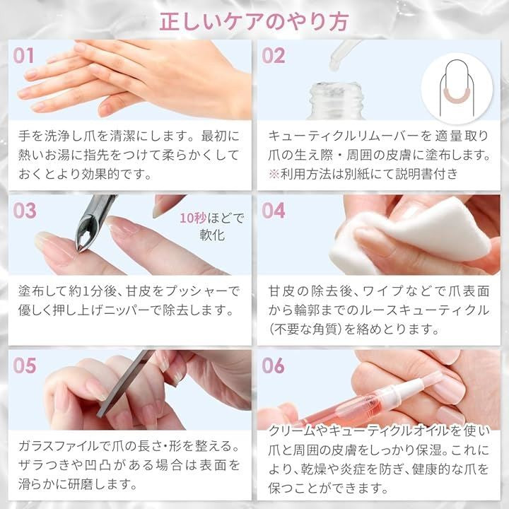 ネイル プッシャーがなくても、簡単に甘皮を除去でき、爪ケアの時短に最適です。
+++++
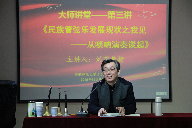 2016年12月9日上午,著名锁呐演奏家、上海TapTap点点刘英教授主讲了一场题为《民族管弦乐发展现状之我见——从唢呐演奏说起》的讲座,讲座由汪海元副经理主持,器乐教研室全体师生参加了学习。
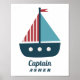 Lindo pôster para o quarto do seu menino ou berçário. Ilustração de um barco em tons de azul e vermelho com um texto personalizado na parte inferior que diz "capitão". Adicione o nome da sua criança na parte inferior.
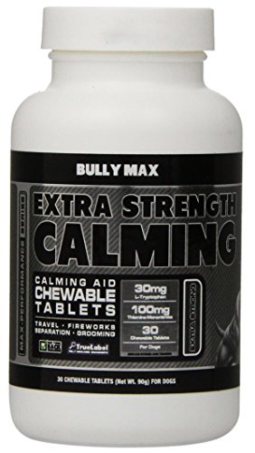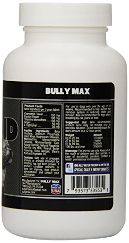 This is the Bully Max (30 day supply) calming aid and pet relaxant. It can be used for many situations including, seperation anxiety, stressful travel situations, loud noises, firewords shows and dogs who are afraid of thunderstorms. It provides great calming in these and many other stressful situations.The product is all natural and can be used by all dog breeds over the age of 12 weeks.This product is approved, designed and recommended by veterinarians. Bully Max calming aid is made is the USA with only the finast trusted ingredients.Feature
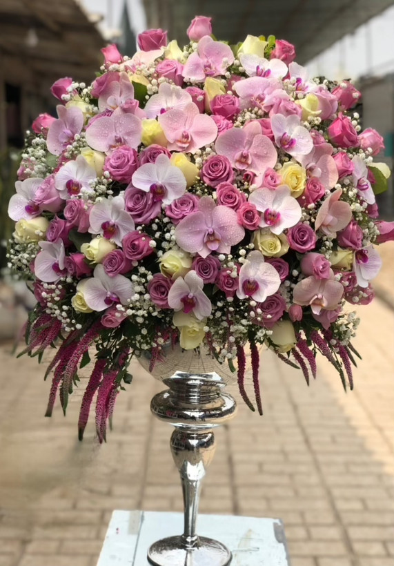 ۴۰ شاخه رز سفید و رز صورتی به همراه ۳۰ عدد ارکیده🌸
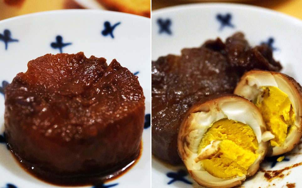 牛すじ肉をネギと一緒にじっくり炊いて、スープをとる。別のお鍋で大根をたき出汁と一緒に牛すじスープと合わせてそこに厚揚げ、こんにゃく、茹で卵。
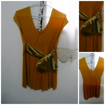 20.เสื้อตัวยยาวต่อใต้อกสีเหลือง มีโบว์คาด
+++++
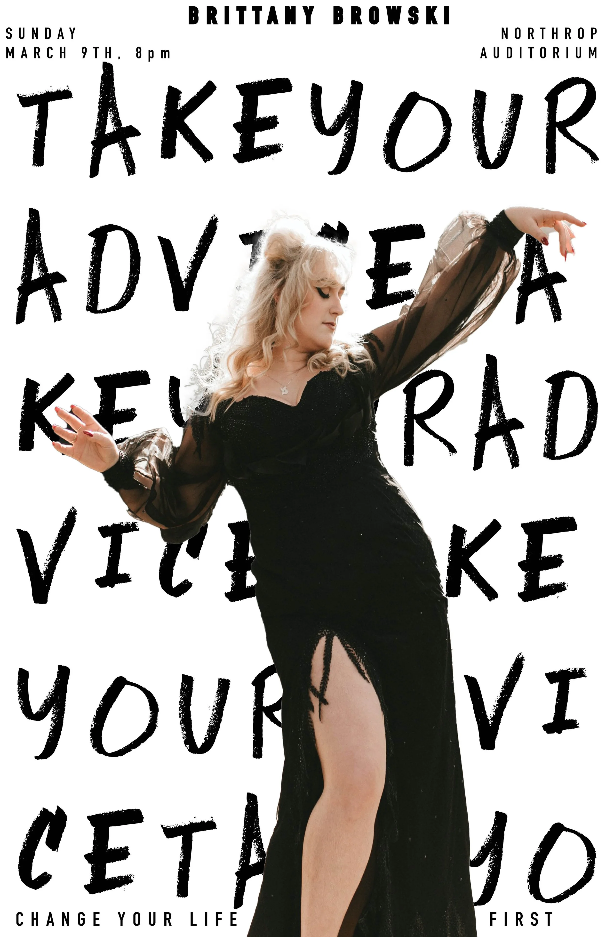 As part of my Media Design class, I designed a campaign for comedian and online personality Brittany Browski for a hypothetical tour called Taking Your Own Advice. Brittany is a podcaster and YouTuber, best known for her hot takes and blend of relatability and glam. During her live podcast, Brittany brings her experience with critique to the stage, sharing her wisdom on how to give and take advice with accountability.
+++++
§ **WORK REQUEST**
Above are records; write out the lines from the one with "2016年12月9日上午,著" down to the one with "20.เสื้อตัวยยา", exactly, leaving the pictures out.

§ **ANSWER BOX**
 2016年12月9日上午,著名锁呐演奏家、上海TapTap点点刘英教授主讲了一场题为《民族管弦乐发展现状之我见——从唢呐演奏说起》的讲座,讲座由汪海元副经理主持,器乐教研室全体师生参加了学习。
 Lindo pôster para o quarto do seu menino ou berçário. Ilustração de um barco em tons de azul e vermelho com um texto personalizado na parte inferior que diz "capitão". Adicione o nome da sua criança na parte inferior.
 This is the Bully Max (30 day supply) calming aid and pet relaxant. It can be used for many situations including, seperation anxiety, stressful travel situations, loud noises, firewords shows and dogs who are afraid of thunderstorms. It provides great calming in these and many other stressful situations.The product is all natural and can be used by all dog breeds over the age of 12 weeks.This product is approved, designed and recommended by veterinarians. Bully Max calming aid is made is the USA with only the finast trusted ingredients.Feature
 ۴۰ شاخه رز سفید و رز صورتی به همراه ۳۰ عدد ارکیده🌸
 牛すじ肉をネギと一緒にじっくり炊いて、スープをとる。別のお鍋で大根をたき出汁と一緒に牛すじスープと合わせてそこに厚揚げ、こんにゃく、茹で卵。
 20.เสื้อตัวยยาวต่อใต้อกสีเหลือง มีโบว์คาด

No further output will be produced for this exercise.